Following the separation, Tangram will serve as the first portfolio company of Balavant Insurance Group, a newly launched holding company. Balavant is backed by investment from SkyKnight Capital, L.P., and is positioned to develop a technology-enabled MGA platform designed for scalability and operational efficiency.
Since its inception, Tangram has grown to manage more than $200 million in gross written premium across over a dozen programs. Balavant plans to build on this base by expanding organically, recruiting experienced underwriting teams, and pursuing strategic acquisitions.
“Our team is thrilled to shape our future with the dedicated capital, resources, and expertise of SkyKnight, an ideal partner with their investments in industry-defining insurance companies,” said Rekha Skantharaja (pictured above), president and CEO of both Tangram and Balavant.
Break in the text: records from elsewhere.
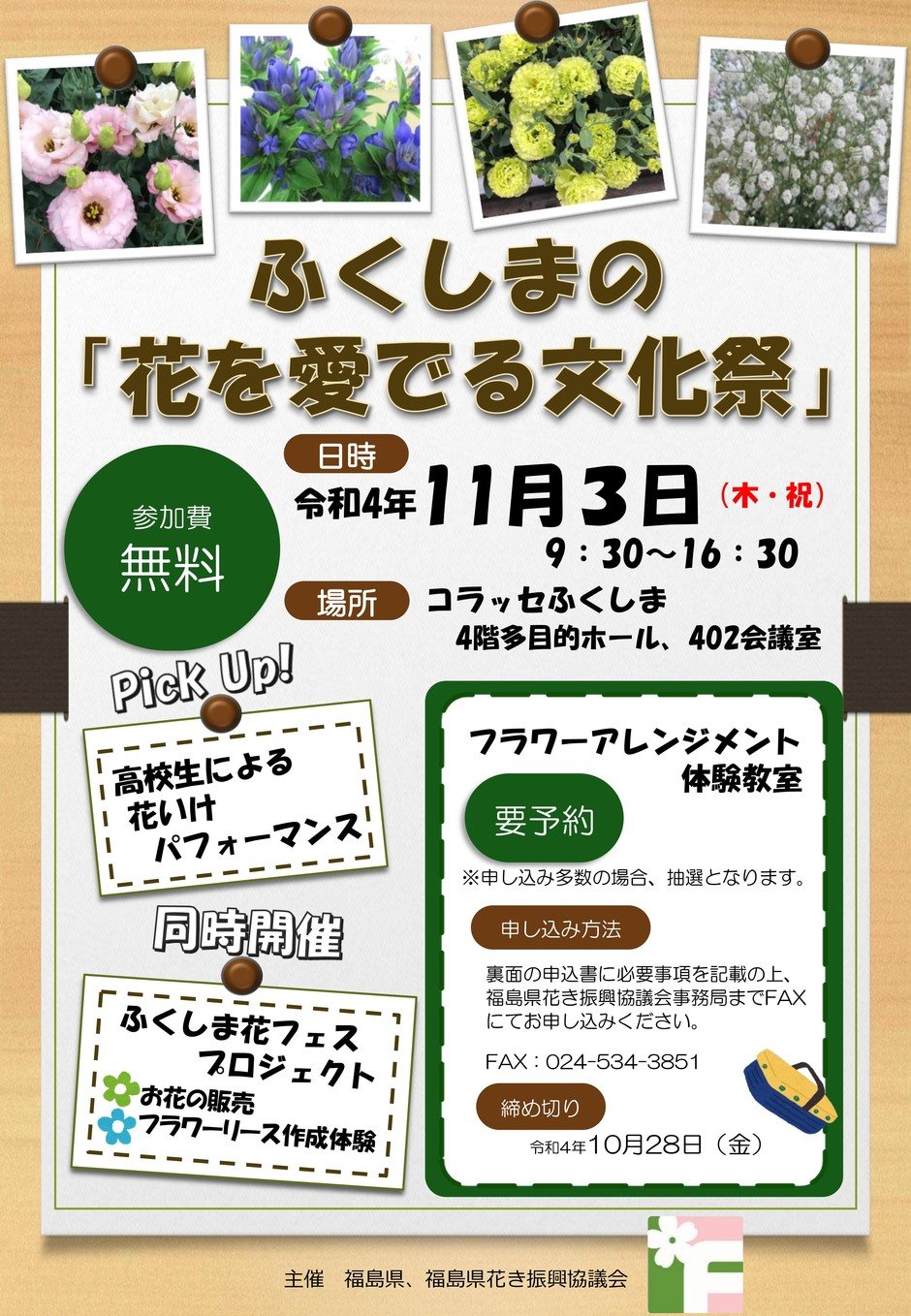 お問い合わせ | 主催/福島県、福島県花き振興協議会 コラッセふくしま4階多目的ホール及び402会議室 960-8053 福島県福島市三河南町1−20 024-525-4098 |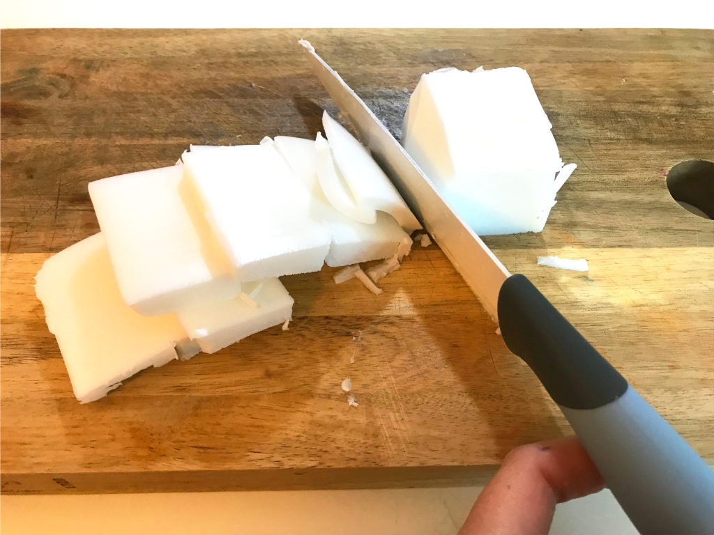 Schneide die Seife in kleinere Stücke, diese schmelzen wesentlich schneller. Fülle sie in drei Schüsseln (da wir hier drei Farben benutzen) und stelle diese in die Mikrowelle oder in den Ofen. Eine genaue Zeit- oder Tempraturangabe hängt von der Menge der Seife ab; in unserem Beispiel hat es 5 Minuten bei 200 Grad gebraucht. Am besten fängst du mit einer kühleren Temperatur an, um die Seife nicht zu verbrennen.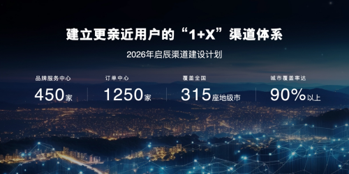 到2026年,启辰的品牌服务中心将发展至450家,订单中心发展至1250家,整体覆盖全国315座地级市,城市覆盖率达90%以上。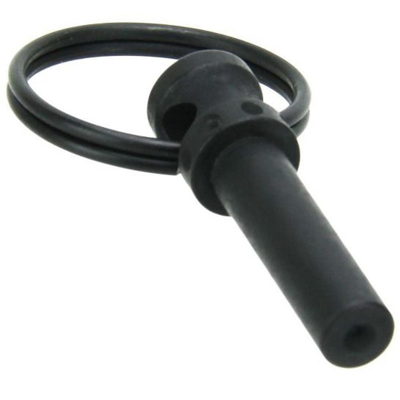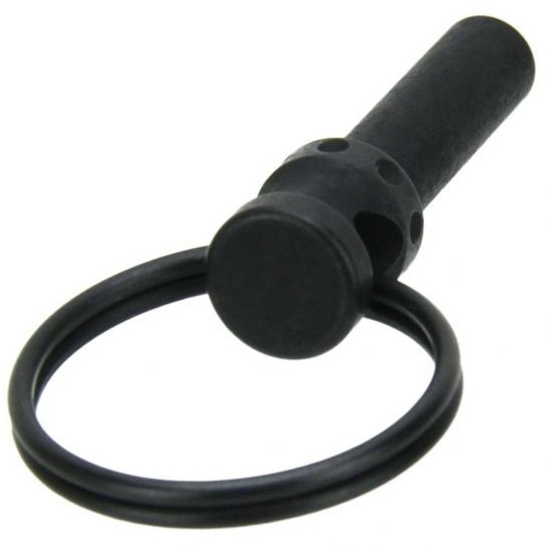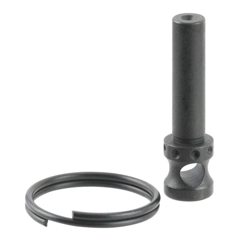 Steel takedown pin designed for AR-15 lower receivers with extended knurled end and paracord attachment port. USA-made component featuring black nitride finish for corrosion resistance. Simple press-fit installation on AR-15 platform rifles.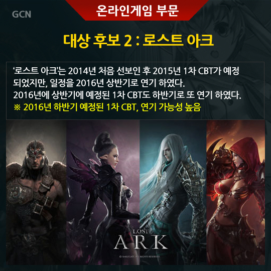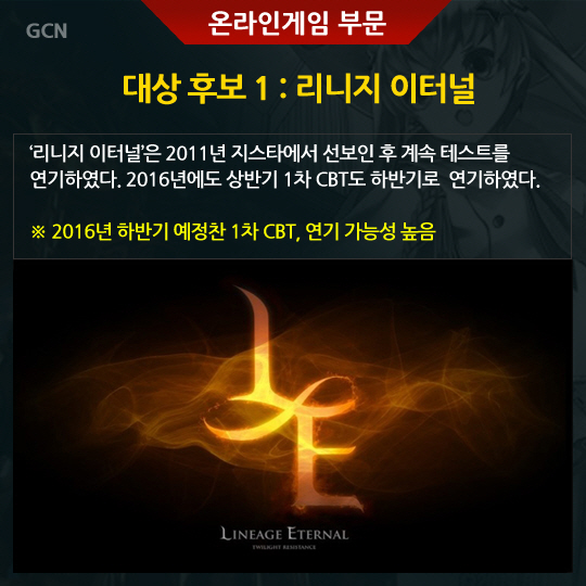 '리니지 이터널'은 2016년 1차 CBT를 할 것이라 대부분의 사람들이 믿었지만, 당당히 2016년 하반기로 1차 CBT를 연기한 '리니지 이터널'이 연기(延期)대상을 수상하게 되었다.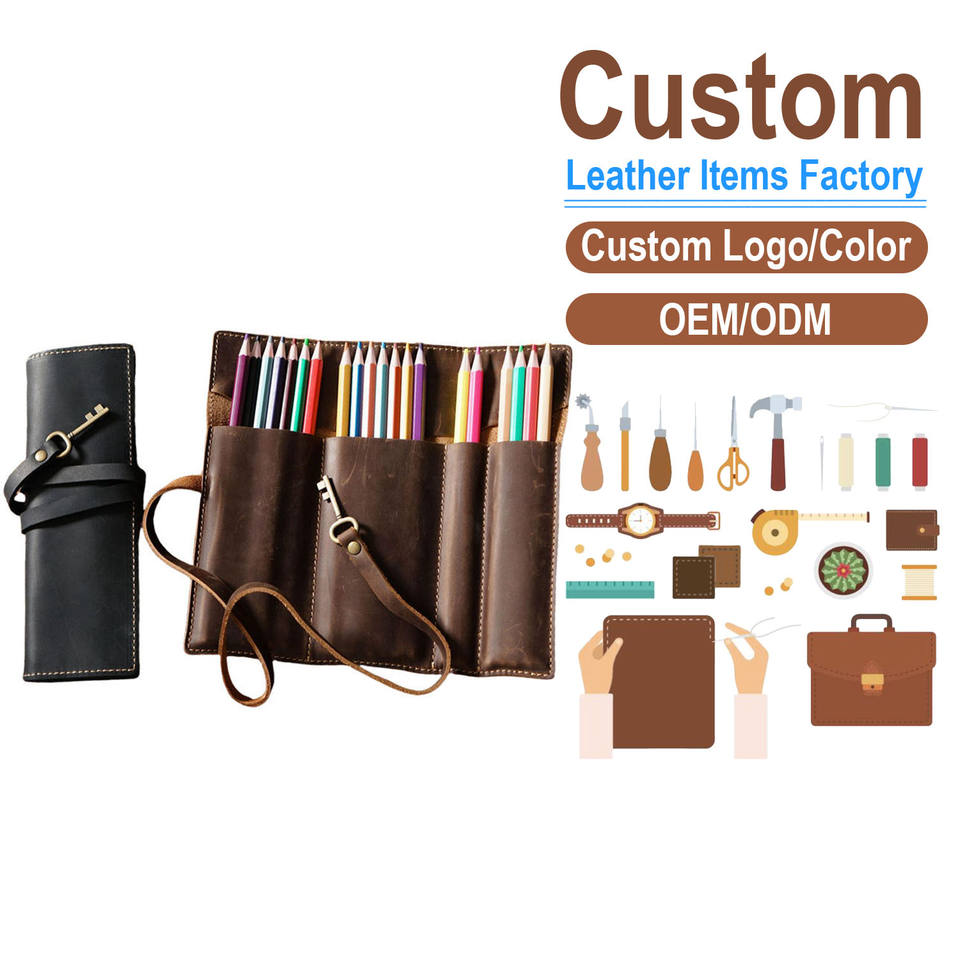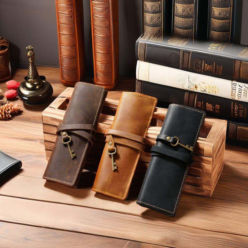 กระเป๋าใส่ดินสอหนังวัววินเทจ หนังชั้นแรก กระเป๋าใส่สีเทียนแบบเรียบง่าย กระเป๋าใส่ปากกาสีสำหรับศิลปะ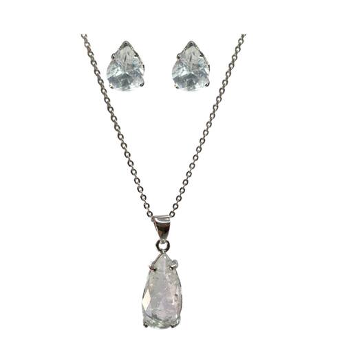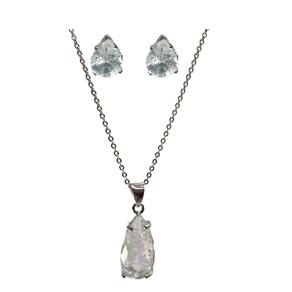 Conjunto Pingente Pedra Gota - Prata Pedra Transparente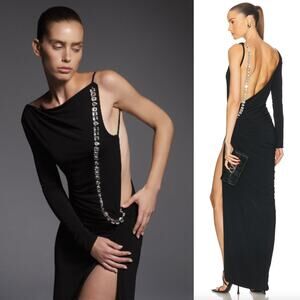 MAY MASHIAH X FWRD | NWT Isabella Dress in Black Backless Crystal Strap Maxi S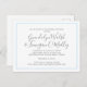 Hochzeitseinladung Postkarte mit minimalistischem Design. Weiß mit grauem Text in modernem handgeschriebenem Skript und gedrucktem Text. Die Karte ist in einem dünnen, blauen Rahmen dargestellt. Ändern Sie einfach die Farbe der Randlinie, indem Sie den Bereich "Weiter anpassen" verwenden. Die Namen der Braut und des Bräutigams sind in großer Schrift. Dies ist eine einfache und erschwingliche Möglichkeit, um die Gäste zu einer Hochzeitswebsite zu leiten, um Pläne zu sehen, Fotos zu sehen und online zu antworten. Zeilen werden auf der Rückseite für Adressen bereitgestellt.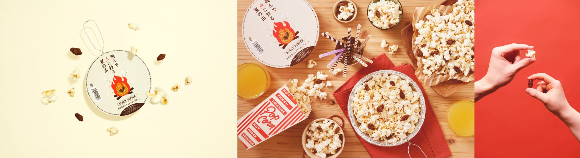 信濃毎日新聞と博報堂「CREATIVE TABLE最高」のコラボレーションにより開発昆虫食ポップコーン「飛んで火に炒る夏の虫」4月23日発売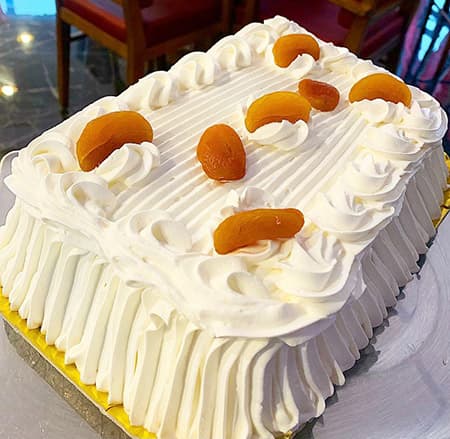 Massa branca com recheio de creme de leite condensado com geleia de damasco, cobertura de marshmallow, damasco e calda de caramelo.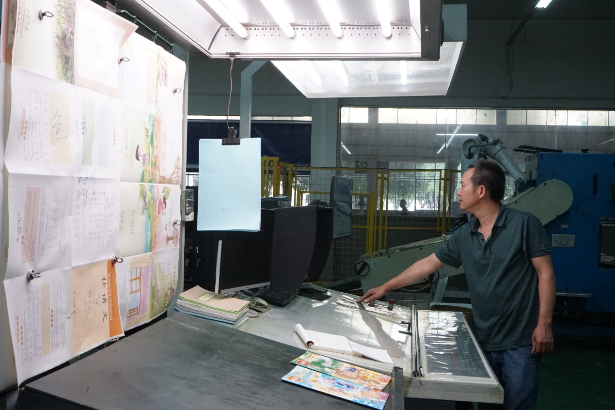 在印前车间,李荣德老师带领同学们参观打样设备和制版设备,详细讲解工作人员如何根据客户需求完成图文设计、排版校对和制版打样。同学们近距离观察印刷模板,了解了出版物的“诞生”起点。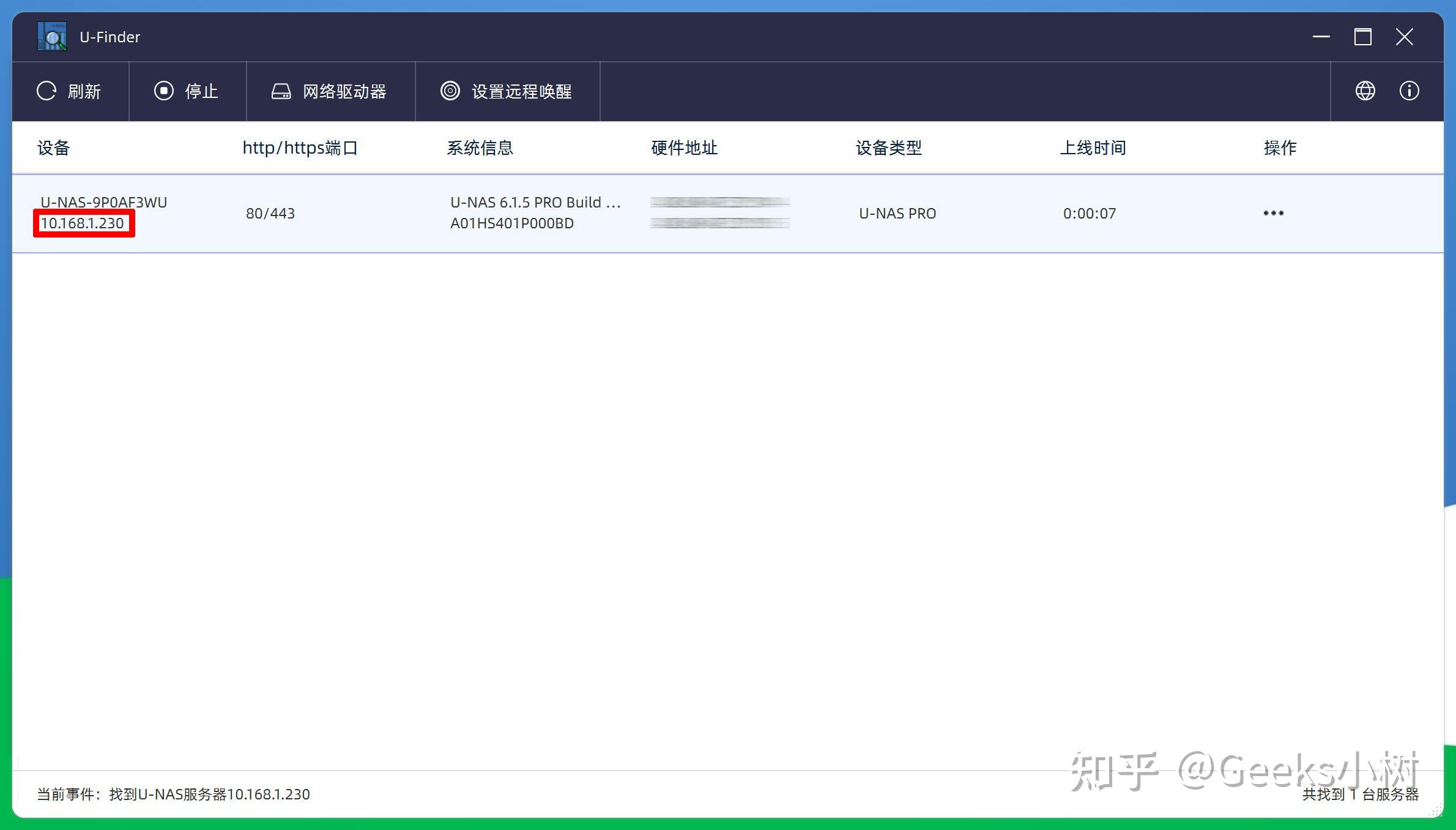 起首能够通过路由器后台查看万由HS-401P的IP地址,也能够通过官网的U-Finder搜刮助手停止查询,如图所见,万由HS-401P私有云互联网缓存已经停止联网了,通过查询之后我的IP地址为10.168.1.230。

Skantharaja also said that Balavant is being built “by MGA operators, for MGA operators,” combining organic growth, underwriting expertise, and M&A experience with Tangram’s established presence. Skantharaja noted that the leadership team, which includes executives from Tangram, brings decades of experience in the MGA space and is focused on creating a technology-enabled shared services platform for entrepreneurial teams.
Balavant’s strategy includes diversifying beyond primarily admitted insurance offerings by expanding into excess and surplus lines. This move is intended to broaden underwriting capabilities and increase flexibility in the market.
Mike Heffernan, president and CEO of Heffernan Insurance Brokers, commented on the development, saying, “We are proud of Tangram’s growth and success under our umbrella, and we look forward to witnessing their continued expansion and leadership in the MGA space.” Heffernan will retain an equity interest in Tangram.
In May, Tangram also expanded its product portfolio by launching a crisis coverage solution for the education and social service sectors. The new product is designed to address a range of critical risks, including threats of violence, abduction, and other crisis events that can disrupt schools and social service organizations.